Senin, 12 September 2011

konsep negara demokrasi ( indonesia )

1. Pengertian Demokrasi

Dalam studi humaniora kata demokrasi menyimpan mantra pesona serta keyakinan bulat diantara banyak pengikut dan penggemarnya. Demokrasi secara etimologi berasal dari dari dua kata gabungan bahasa yunani, yaitu demos (rakyat) dan kratos (pemerintah) atau dalam bahasa Indonesia pemerintahan dari rakyat untuk rakyat. Tetapi ketika definisi ini dipakai di indonesia, muncul berjuta pertanyaan : siapa rakyat ? bagaimana bentuk pemerintahan rakyat ? sistem dan mekanisme yang bagaimana pemerintahan dari dan oleh rakyat ?. Adalah Plato yang pertama kali mengusulkan terbentuknya kerajaan pemerintahan yang dipimpin oleh orang bijak. Yang kemudian oleh muridnya aristoteles mengembangkan pendapat plato yang tetap memberikan ruang bagi pendapat rakyat. Kemudian berlanjut pada masa renaissance dimana machiaveli yang menyusun karya dengan dengan judul discorsi (politik kerakyatan) yang memuat tentang principato (kerajaan), ottimati (aristokrasi) dan popolare (demokrasi), di karya tersebut memang Machiavelli tidak membahas secara khusu apa yang dimaksud dengan demokrasi akan tetapi Machiavelli menginginkan percampuran berbagai bentuk pemerintahan yang kemudian dinamainnya dengan bentuk pemerintahan republik. Pembentukan pandangan demokrasi saat itu memang berkaitan dengan bagaimana cara mempertahankan dan membatasi kekuasaan. Dalam kaitannya dengan kebutuhan rakyat agar memiliki’wakil’ yang bisa melakukan control, pembatasan sekaligus pendelegasian atas kepentingan-kepentingan rakyat.[1]

2 Negara Demokrasi

Sejak memproklamasikan kemerdekaan pada tanggal 17 Agustus 1945, konstitusi Indonesia terus berproses dalam rangka mewujudkan kehidupan yang demokratis. Undang-Undang Dasar 1945 (naskah asli), Konstitusi Republik Indonesia Serikat 1949, Undang- Undang Dasar Sementara 1950 dan Undang- Undang Dasar Republik Indonesia 1945 (amandemen ke-empat) merupakan hasil upaya untuk semakin mendekatkan diri kepada demokrasi. Ditinjau dari asal kata, demokrasi berarti “rakyat berkuasa” atau “government or rule by the people”. Kata Yunani demos berarti “rakyat” dan kratos/ kratein berarti “kekuasaan/ berkuasa”.[2]
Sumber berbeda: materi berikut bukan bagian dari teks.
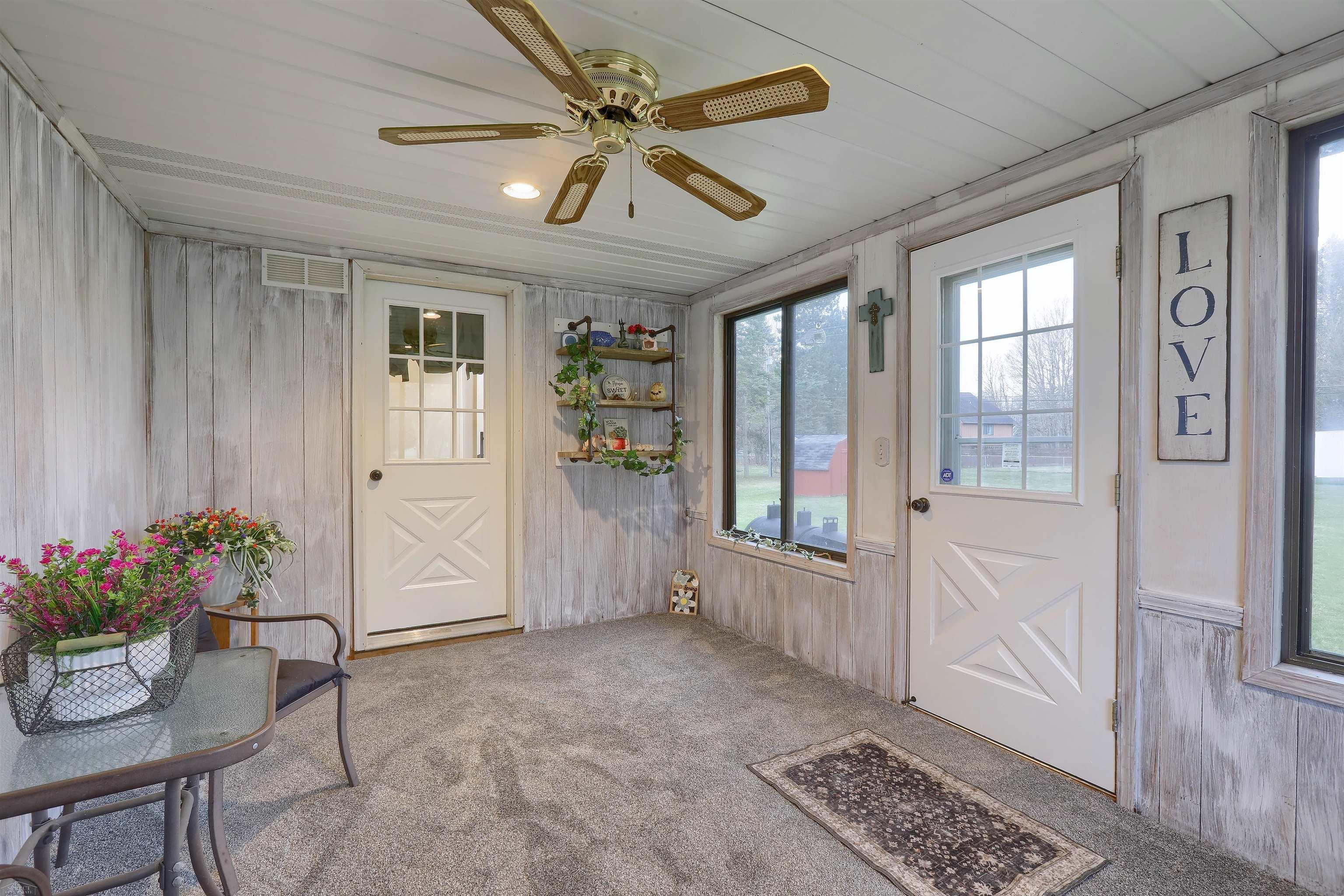 Beautifully maintained 3-bedroom, 1.5-bath ranch on a full acre of peaceful property. This home is in excellent condition & has been thoughtfully updated with in the last year. Recent improvements include flooring, fresh paint & trim, modern light fixtures, ceiling fans, renovated full & half bath, updated kitchen, & new dishwasher. Appliances stay, making this home truly move-in ready. Additional upgrades include a new carbon water filtration system w/ a 5-year transferable warranty, electrical hookup for a generator, mechanical replacements such as the furnace, A/C, and sump pump within the past 6 years. A spacious oversized 2-car attached garage w/ handicap-accessible ramp, plus a backyard shed for extra storage. A standout feature is the 4-season sunroom, perfect for enjoying quiet mornings & evenings while overlooking your yard. 1st-floor laundry adds convenience and functionality to the layout. This well-cared-for ranch combines comfort, updates, & country charm in one complete package.

Dalam demokrasi dikenal konsep Rechstaat (negara hukum).[3] Rechtstaat (negara hukum) diartikan sebagai negara yang penyelenggaraan pemerintahannya berdasarkan prinsip- prinsip hukum untuk membatasi kekuasaan pemerintah.[4] Menurut Frederik Julius Stahl, salah satu unsur dalam konsep Rechstaat adalah negara didasarkan kepada Trias Politica (pemisahan kekuasaan negara atas kekuasaan legislatif, kekuasaan eksekutif dan kekuasaan yudisial).[5] Menurut Carles de Secondat Baron de Labriede et de Montesquieu :[6]

a. Kekuasan Legislatif adalah sebagai pembuat undang- undang;

b. Kekuasaan Eksekutif adalah sebagai pelaksana undang- undang;

c. Kekuasaan Yudikatif adalah kekuasaan untuk menghakimi.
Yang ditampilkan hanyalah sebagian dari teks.